# [Work request]
Only the lines from the top of the data through the line with "在常规赛MVP的竞争格局中,雷霆核心亚历" should be repeated, each exactly as written.

==*==

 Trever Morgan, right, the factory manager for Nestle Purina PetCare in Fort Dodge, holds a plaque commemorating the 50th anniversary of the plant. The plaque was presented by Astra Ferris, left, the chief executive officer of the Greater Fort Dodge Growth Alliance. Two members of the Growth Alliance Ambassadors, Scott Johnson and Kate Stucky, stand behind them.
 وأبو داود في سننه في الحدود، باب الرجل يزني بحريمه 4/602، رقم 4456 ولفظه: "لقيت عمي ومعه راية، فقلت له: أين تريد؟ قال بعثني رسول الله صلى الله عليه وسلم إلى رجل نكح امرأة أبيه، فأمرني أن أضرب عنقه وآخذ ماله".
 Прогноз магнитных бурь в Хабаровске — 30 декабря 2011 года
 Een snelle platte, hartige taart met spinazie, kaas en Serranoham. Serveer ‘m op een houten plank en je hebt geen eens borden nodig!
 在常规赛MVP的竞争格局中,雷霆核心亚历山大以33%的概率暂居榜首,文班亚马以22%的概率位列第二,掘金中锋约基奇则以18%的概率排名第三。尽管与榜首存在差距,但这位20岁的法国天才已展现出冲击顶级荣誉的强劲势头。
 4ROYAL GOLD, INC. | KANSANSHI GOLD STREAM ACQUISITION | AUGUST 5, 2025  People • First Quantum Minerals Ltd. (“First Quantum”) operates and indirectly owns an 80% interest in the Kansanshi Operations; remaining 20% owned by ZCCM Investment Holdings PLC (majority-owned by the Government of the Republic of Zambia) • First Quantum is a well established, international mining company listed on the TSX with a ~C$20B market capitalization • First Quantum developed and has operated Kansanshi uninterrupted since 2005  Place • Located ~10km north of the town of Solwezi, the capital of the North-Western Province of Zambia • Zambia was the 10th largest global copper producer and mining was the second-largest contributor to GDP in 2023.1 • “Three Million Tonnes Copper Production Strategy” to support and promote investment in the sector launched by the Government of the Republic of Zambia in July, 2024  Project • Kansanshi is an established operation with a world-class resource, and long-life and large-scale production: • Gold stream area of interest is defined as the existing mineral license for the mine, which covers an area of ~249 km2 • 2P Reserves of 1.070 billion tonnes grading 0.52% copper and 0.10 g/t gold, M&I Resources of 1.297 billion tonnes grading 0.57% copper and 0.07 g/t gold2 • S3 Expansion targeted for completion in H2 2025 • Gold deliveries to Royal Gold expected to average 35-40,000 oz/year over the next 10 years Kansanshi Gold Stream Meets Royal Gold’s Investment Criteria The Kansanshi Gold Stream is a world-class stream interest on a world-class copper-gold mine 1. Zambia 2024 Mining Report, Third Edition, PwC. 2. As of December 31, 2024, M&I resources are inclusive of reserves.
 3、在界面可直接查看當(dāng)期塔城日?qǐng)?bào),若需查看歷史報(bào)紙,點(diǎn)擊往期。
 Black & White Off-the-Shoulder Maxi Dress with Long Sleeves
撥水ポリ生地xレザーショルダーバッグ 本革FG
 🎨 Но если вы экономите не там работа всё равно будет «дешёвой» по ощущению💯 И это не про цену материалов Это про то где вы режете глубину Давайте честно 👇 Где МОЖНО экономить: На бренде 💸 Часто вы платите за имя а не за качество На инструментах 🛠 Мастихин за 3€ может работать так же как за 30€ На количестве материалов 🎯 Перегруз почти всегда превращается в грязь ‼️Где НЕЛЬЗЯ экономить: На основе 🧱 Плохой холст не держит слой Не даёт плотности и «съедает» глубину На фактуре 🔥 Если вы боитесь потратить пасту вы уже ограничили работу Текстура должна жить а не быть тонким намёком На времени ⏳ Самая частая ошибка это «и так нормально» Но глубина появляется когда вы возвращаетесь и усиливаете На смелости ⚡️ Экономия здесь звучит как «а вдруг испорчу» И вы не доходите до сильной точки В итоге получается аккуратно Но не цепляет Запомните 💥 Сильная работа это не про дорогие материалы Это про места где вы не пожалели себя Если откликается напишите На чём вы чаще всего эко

==*==

# [Finished task]
 Trever Morgan, right, the factory manager for Nestle Purina PetCare in Fort Dodge, holds a plaque commemorating the 50th anniversary of the plant. The plaque was presented by Astra Ferris, left, the chief executive officer of the Greater Fort Dodge Growth Alliance. Two members of the Growth Alliance Ambassadors, Scott Johnson and Kate Stucky, stand behind them.
 وأبو داود في سننه في الحدود، باب الرجل يزني بحريمه 4/602، رقم 4456 ولفظه: "لقيت عمي ومعه راية، فقلت له: أين تريد؟ قال بعثني رسول الله صلى الله عليه وسلم إلى رجل نكح امرأة أبيه، فأمرني أن أضرب عنقه وآخذ ماله".
 Прогноз магнитных бурь в Хабаровске — 30 декабря 2011 года
 Een snelle platte, hartige taart met spinazie, kaas en Serranoham. Serveer ‘m op een houten plank en je hebt geen eens borden nodig!
 在常规赛MVP的竞争格局中,雷霆核心亚历山大以33%的概率暂居榜首,文班亚马以22%的概率位列第二,掘金中锋约基奇则以18%的概率排名第三。尽管与榜首存在差距,但这位20岁的法国天才已展现出冲击顶级荣誉的强劲势头。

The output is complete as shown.